TWENTY-THIRD SUNDAY IN ORDINARY TIME

            In the first Reading from Ezechiel, we find the expressions “Son of man’ and ‘sentry’. Prophet Daniel, too, speaks of a Son of Man coming on the clouds to face the One of great age (Dan. 7,14). Jesus on several occasions appropriated this expression and called himself the son of man: He is the Son of Man, of divine origin (Daniel: ‘coming on the clouds’). Why son of man? Who is a sentry? Son of man, according to Jewish way, is a true member of the human race. And ‘sentry’ is a watchman. Applied to Ezechiel, as a prophet, he is the moral guardian ‘of the House of Israel’.

 

            There are TWO clear teachings in this Sunday’s readings.

             From Ezechiel: “Son of man (i.e. sentry, watchman, prophet), warn them in my name, warn the wicked man to renounce his ways or I will hold you responsible for his death”.

             From the Gospel of Matthew: “If your brother (sister) does something wrong, go and have it out with him alone.. or even go to him with two or three witnesses.. or even report him to the community”.     

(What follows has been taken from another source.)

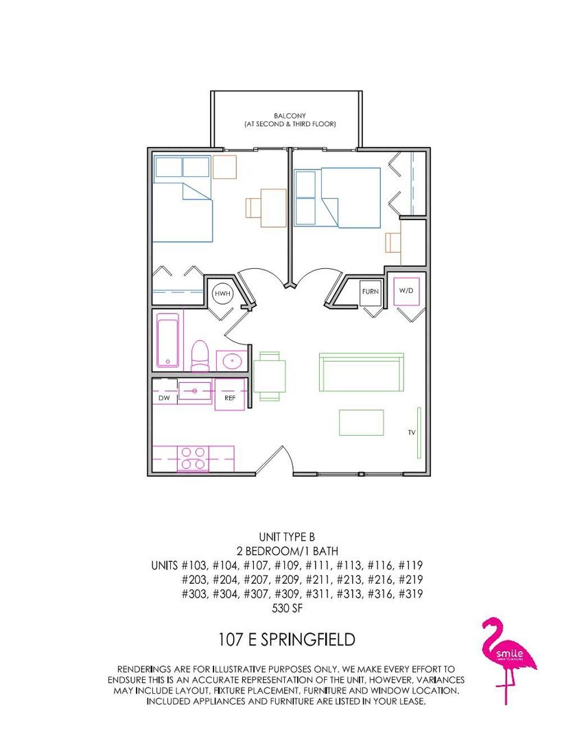 107 Springfield features newly remodeled 2-bedroom apartments near the UIUC campus in Champaign, close to Green Street shops and dining, County Market, Helms Park, and Scott Park. Units include in-unit laundry for your convenience.

              Does the warning in the first case (Ezechiel) concerning the wicked man, regard the prophet only? Who is duty-bound to raise his voice to warn and correct anyone going astray? Good sense and right reason suggest that anybody with moral, legal, spiritual authority and responsibility in any human community is duty-bound to raise his voice “to warn them”. Not only the prophet or the religious leader, but all parents, guardians, elders, teachers, community leaders, supervisors, community officers…have a serious and  moral duty “to warn”, coming from the human order established by God. Failing to do that implies fault, cowardice and condemnation: “I will hold you responsible for his death”.

             In Matthew’s gospel, Jesus extends such responsibility to every member of the community. He addresses the Christian community, brothers and sisters, who have chosen to follow his way of life. Jesus says that not only church leaders, not only those with authority, but we all - each and all members - are responsible for one another, anybody and everybody. We are “church”, i.e. community, a living body, members of one another. What is good for you is good for me; what is bad for you is bad for me. Hence the duty of mutual correction in charity, sincerity and truth.

             Mutual correction does not imply superiority. In fact it demands humility, which is truth. It means that we are all sinners and that nobody is perfect. Courage is needed too, to face a possible unforeseen rebuff on the part of those who do not believe in such spiritual exercise and service, but prefer to  mind their own business and to be left alone.

            Truly as Christians, followers of Jesus, we are responsible for one another and for the whole world. We are bound to uphold and act on behalf  of truth, honesty, respect for human rights and concern for the common good.

             Finally it is in place to remember that, besides exercising the duty of fraternal correction, it is very important to be ready and open to receive, even to welcome, correction. We should be grateful to those who show us better ways. Are we not keepers of one another?